Plantinga knows the necessity of deep wisdom that will help the pastor create sermons that speak much more than any one person can ever know. But he has not stuffed a sack full of anecdotes for the preacher to find endless illustrations. “Reading general literature just for illustrations is slightly perverse.” That is for Saturday night anxious Internet browsers. Rather, Plantinga writes about the apt illustration that is true in every sense of the word. “If the preacher is a persistent reader,” he argues, “she will discover illustrations that may turn out to be more than mere embellishments. If well chosen and well placed, illustrations can become serious business within a sermon.” He then proceeds to give examples from a wide range: Garrison Keillor (humorist), Seth McFarlane (cartoonist), Thorton Wilder (author). There is a chapter on diction in which the sermons of Barbara Brown Taylor are analyzed for her uncanny ability to get the diction perfectly pitched for her listeners. It is her diction that gives her sermon movement in the ear of the listeners and proceeds directly to the heart. Lest the reader think preaching is only about rhetoric, Plantinga is quick to say “none of this matters if the Holy Spirit isn’t blowing, but if the sermon has been intelligently designed to catch the Spirit’s breath, and if the Spirit actually blows, the result is what we mean when we say that preaching in the church is eventful.”

In this book are found riches from novels, short stories, poems and essays that will enrich any preacher’s art. That is one of the many delights of this book. One is treated to insightful commentary on a delightfully wide range of reading that demonstrates how the great skill of the authors can be learned by preachers who are seeking to announce the presence of God and move the human heart.
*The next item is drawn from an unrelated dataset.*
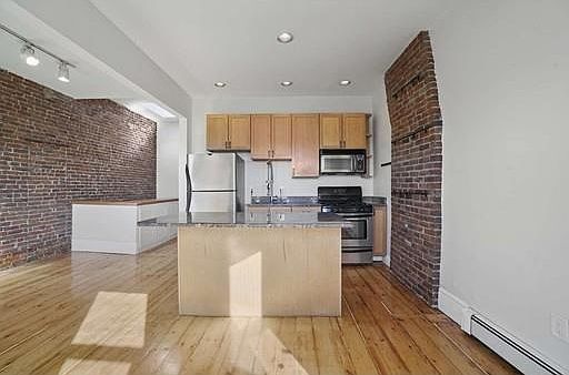 Beautiful, sunny and updated perfectly describe this great two bedroom apartment in historic Fort Hill. This well-maintained, classic brick row house offers wide plank hardwood floors thru-out, a large private deck, tastefully updated bath, Bay Windows and a full Updated kitchen with gas cooking, dishwasher, and disposal. Laundry in the unit and parking. Short walk to Orange Line. Jamaica Plain, close to South End, Harvard/Longwood Medical Area.

There is more! Historian Robert Caro, novelists Flannery O’Connor, Somerset Maugham, Marilynne Robison, Anne Tyler and essayists William Maxwell and Joseph Epstein. “The preacher wants his program of reading to complicate some of his fixed ideas, to impress him with some of the mysteries of life, with its variousness, with its surprises, with the pushes and pulls within it.” The author is a fine writer who knows the joy of a pithy zinger into the mind’s heart. After all these years, I have again found a source for deepening my own reading that may in turn deepen my preaching

ROY W. HOWARD is the Outlook book editor and the pastor of Saint Mark Presbyterian Church in North Bethesda, Maryland.